WARNING: This is really long. But I don’t care.

Last Thursday night, I pulled into the parking of BookPeople (Austin’s beloved indie bookstore) 20 minutes before an author event and signing. As I parked my car, I yelled “WHERE IS EVERYONE HOW IS THERE SO MUCH PARKING AVAILABLE DON’T YOU KNOW SHANNON HALE IS HERE?!” Then I laughed at myself and thought about how I arrived at this moment.

*cue the flashback harp sound and wavy line effect*

It was 2003. I was 18 years old. Since I was 16, I spent most of my free time roaming around the Barnes & Noble five minutes from my house. On this particular day, I was wandering around the childrens/YA section, and noticed a book on an end cap. The cover was a pretty, simple, crackled illustration and I couldn’t decide if I liked at first. I picked it up, and flipped through the pages. The pages felt nice. It looked interesting. I read the first line and liked it.

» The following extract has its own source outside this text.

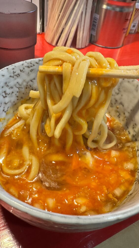 ▲続いて、辛揚げで味変。ピリ辛さが増したスープと麺も良き。

I was broke, so I wrote down the title and author in my notebook and soon checked it out from the library.

The book was The Goose Girl by Shannon Hale and it changed my life. I just didn’t know it yet.

I read The Goose Girl before I read Harry Potter. As I sit here, sifting through my life, sorting out what has influenced and changed me, the Shannon Hale and J.K. Rowling piles seem about equal. They are very different piles of influence, but the effect they have had on me has been profound.

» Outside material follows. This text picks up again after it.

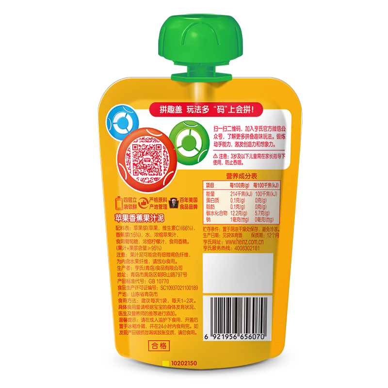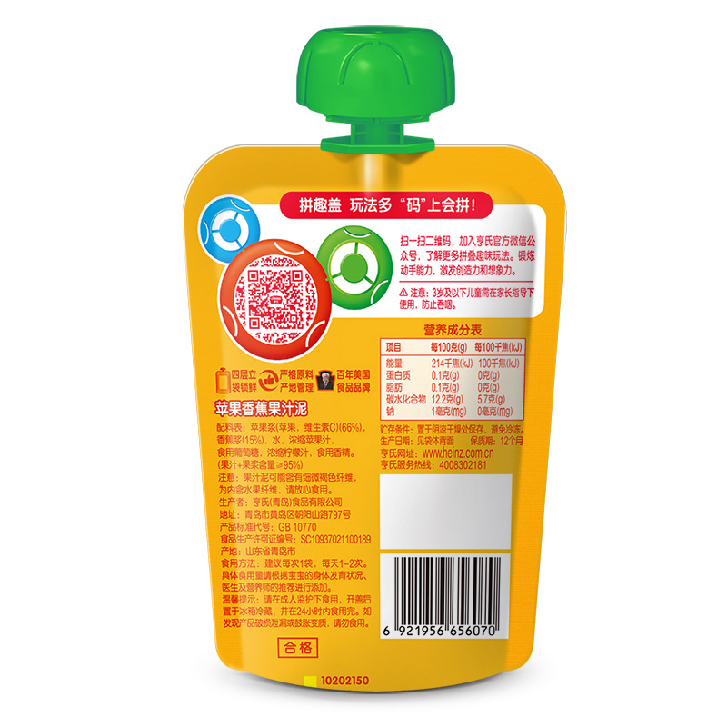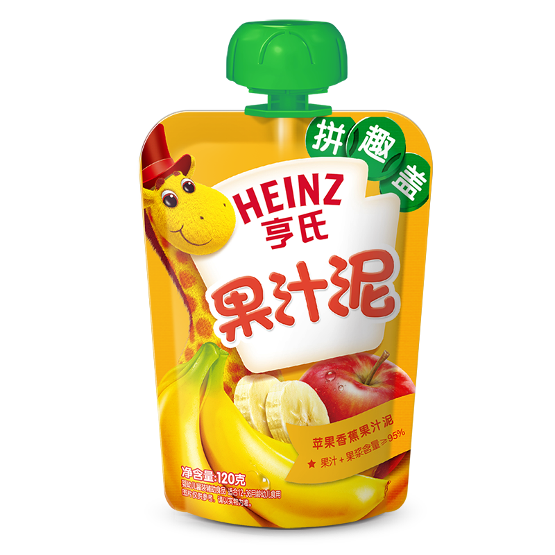 亨氏(Heinz)果汁泥 嬰兒水果泥寶寶輔食泥零食(1-3歲適用) 香蕉蘋果120g

You know those quiet people who are so wonderful you sometimes take them for granted? That is Shannon Hale to me. Yes, I have given The Goose Girl as a gift multiple times. I have bought each of the subsequent books of Bayern in hardcover the week they have been released. I have named her as a favorite current author and I have read her blog since, well, she started one. But it wasn’t until this year that I realized how much The Books of Bayern and Shannon Hale mean to me. Part of me is still processing it, and so I can’t quite talk about it all right now, but re-reading The Goose Girl for its 10th (!!!) anniversary this summer finally opened my eyes to the ginormous and lasting impact Shannon Hale has had on my life.

So imagine me when I see the tweet announcing her upcoming book tour and Austin is one of the stops. Did you imagine me screaming? Because I did. Did you picture me sending capslocked tweets about it? Um, yeah. Now  imagine me picking up my Bayern books from my parents house (because most of my books are still in my old bookcases in my old room) and getting teary eyed. Seriously.

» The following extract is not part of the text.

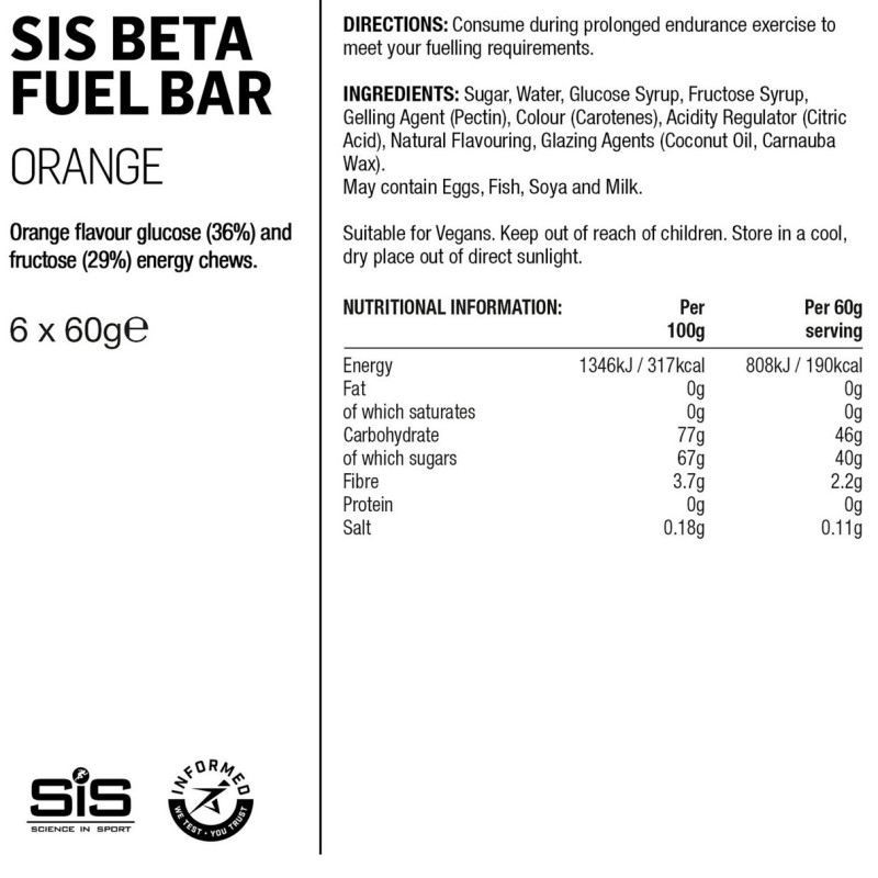 The new Beta Fuel range from SIS Science in Sport has been developed with advice from top athletes. SIS Beta Fuel Orange is a dual-energy bar. Thanks to its maltodextrin and fructose content (1:0.8), it improves cyclists' energy levels while increasing the efficiency of carbohydrate use without causing gastrointestinal discomfort. Its fruit paste texture makes it easy and tasty to chew during exercise. This Beta Fuel Orange Energy Gum bar is quickly absorbed in your intestine, providing a rapid source of energy.

*squiggly lines and end of flashback music*

So there I was, super early to the Tween Panel with plenty of time to sit and freak out. This is where is pays to have unlimited text messaging and a best friend who will listen to your crazy. And this is when I learned, yet again, how awesome book people can be. There wasn’t a lot of people there early and the authors were late to come back from dinner, so it gave me a chance to chat with the other people waiting about how long we had been reading Shannon’s books, and to actually touch and hold an ARC of her new book, Dangerous (out next year!), a book blogger had brought along. It was great.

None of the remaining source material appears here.